Adding New Defenses

This guide will walk you through the process of adding a defense method similar to STRIP, which detects poisoned data by analyzing the entropy of perturbed samples. To create a similar defense class, you will define a new defense method or enhance an existing one while following the same structure.

Here we show the STRIP defense as an example to illustrate how to add a new defense method. The steps are as follows:

Define the Defense Class

To create a new defense, you need to inherit from InputFilteringBase, which provides basic filtering functionality. In the constructor (__init__), set the relevant attributes, such as the type of data the defense handles (e.g., images, text, audio) and other defense-specific parameters.

Example:

class STRIP(InputFilteringBase):
    def __init__(self, args) -> None:
        super().__init__(args)
        self.args = args
        self.set_pertub_func()  # Set the perturbation function based on data type

Define the Perturbation Functions

The STRIP defense works by perturbing inputs (e.g., adding noise to images, shuffling words in text) and then measuring the entropy of the model’s output on these perturbed samples. The key is to define how to perturb different types of data.

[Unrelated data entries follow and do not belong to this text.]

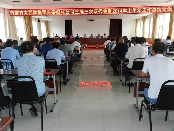 7月30日,兴泰煤化公司三届三次双代会暨2014年上半年工作总结大会顺利召开,圆满完成了会议的议程。会议听取了黃朝军总经理所作的《坚定信心 迎难而上 抢抓机遇 降本增效》行政工作报告、刘卫东副总所作的《2013年度财务决算报告》、工会主席祁玉萍同志所作的《加强建设 夯实基础 推动工会工作再上新台阶》的工会工作报告。
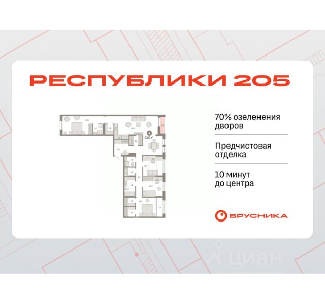 Обмен квартиры на новую. Предложение от застройщика. Квартира в рассрочку без процентов от застройщика. Эксклюзивные ипотечные условия. Дом будет сдан в 4 квартале 2025 года. Квартира в счёт первоначального взноса по программе обмена. Информация по телефону, мы вам все подробно расскажем! Четырехкомнатная квартира с предчистовой отделкой в ЖК "Республики 205" на 9 этаже. Общая площадь: 138.1 кв.м., жилая: 51.5 кв.м., площадь просторной кухни-гостиной: 38 кв.м. Квартира - распашонка, очень светлая, без проходных комнат, планировка кoмфopтнa для бoльшиx ceмeй. В квартире две лоджии, три совмещенных санузла. Высота потолков 2.6 м. Купить квартиру можно с помощью программ покупки от застройщика Брусника: - ипотека по эксклюзивной ставке с помощью в получении положительного кредитного решения через сервис ипотечный брокер; - квартиры в рассрочку без процентов от застройщика Брусника; - обмен квартиры на новую. Получить одобрение ипотеки или рассрочку, а также осуществить обмен квартир можно онлайн. Дом монолитный, многоподъездный, переменной этажности, от 9 до 17 этажей. Квартира находится в 6-й секции высотой 15 этажей в корпусе 1. На этаже 7 квартир. В подъезде 1 пассажирский и 1 грузовой лифт. Начало строительства - 2 квартал 2023 года. Окончание строительства - 4 квартал 2025 года. Оформление сделки по договору долевого участия. Район Проект расположен в границах улиц Пермякова, Энергетиков, Воровского и Республики. До центра города — 10 минут на машине. Рядом — автомобильная развязка на пересечении улиц Пермякова и Республики. В шаговой доступности есть школы, детские сады, поликлиники, крупный торговый центр, автовокзал и несколько скверов. Проект "Республики 205" — это проект комплексного развития территории, уникальный по своему наполнению. Переосмысляя бывшую территорию завода медицинского оборудования, мы создадим новое место силы — микрорайон, насыщенный деловой, развлекательной, рекреационной, игровой, образовательной и медицинской инфраструктурой. До каждого полезного сервиса здесь можно будет дойти за 15 минут. Локальными центрами "Республики 205" будут общественные пространства — скверы, парки, бульвары и площади. В границах нашего участка мы намерены разместить школу, рассчитанную на 1550 учеников, два детских сада на 300 мест и встроенный детский сад на 100 мест. В одном из цехов бывшего завода расположится креативный кластер "Кузница". Он станет площадкой для нескольких институций — галереи, лектория, книжного магазина-библиотеки, кинобара и точек креативного pop-up-ритейла. Пешеходные бульвары внутри района соединят между собой улицу ресторанов, детские и спортивные площадки, событийную площадь и летний кинотеатр. Идентификатор квартиры по базе застройщика: МЕД01-01-6-6. #Zlg1bE
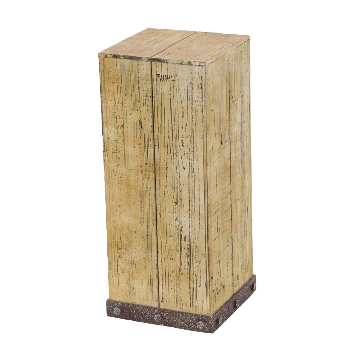 Elevate the look of your room with this 9th & Pike® brown wood rustic pedestal table. Display your plants, decor, or your favorite art piece on this beautifully crafted pedestal table. The design takes inspiration from box wooden crates that can be used as console tables or corner posts for flower vases and trophies in industrial, rustic, and eclectic interiors.

Example code for image perturbation:

def perturb_img(self, img):
    perturbation = torch.randn(img.shape)
    return img + perturbation  # Add noise to the image

Example code for text perturbation:

def perturb_txt(self, text):
    words = text.split()
    swap_pos = np.random.randint(0, len(words), int(len(words) * 0.1))
    for idx in swap_pos:
        words[idx] = self.replace_words[np.random.randint(len(self.replace_words))]
    return " ".join(words)  # Randomly replace some words

Calculate Entropy for Defense

The core of the defense is calculating the entropy of the model’s predictions on perturbed data. Based on this entropy, the defense decides whether the input is poisoned or clean.

Example:

def cal_entropy(self, model, data_lst, sample=False):
    perturbed_samples = [self.perturb(data) for data in data_lst]
    probs = model(perturbed_samples)
    entropy = -torch.sum(probs * torch.log2(probs), dim=-1)  # Compute entropy
    return entropy

Implement the Sample Filtering Method

Write the sample_filter() method to compute entropy and determine whether the sample is malicious based on a pre-defined threshold.
If the entropy is below the threshold, mark the sample as malicious.

Example:

def sample_filter(self, data):
    poison_entropy = self.cal_entropy(self.model.model, data, sample=True)
    return (1 if poison_entropy < self.threshold else 0, poison_entropy)  # 1 for malicious

Test the Defense

After defining your defense method, it is important to test it under various scenarios and datasets. Make sure to verify that the filtering logic correctly identifies malicious samples across different data types (e.g., images, text, audio).

Run your defense with different thresholds and configurations to optimize performance.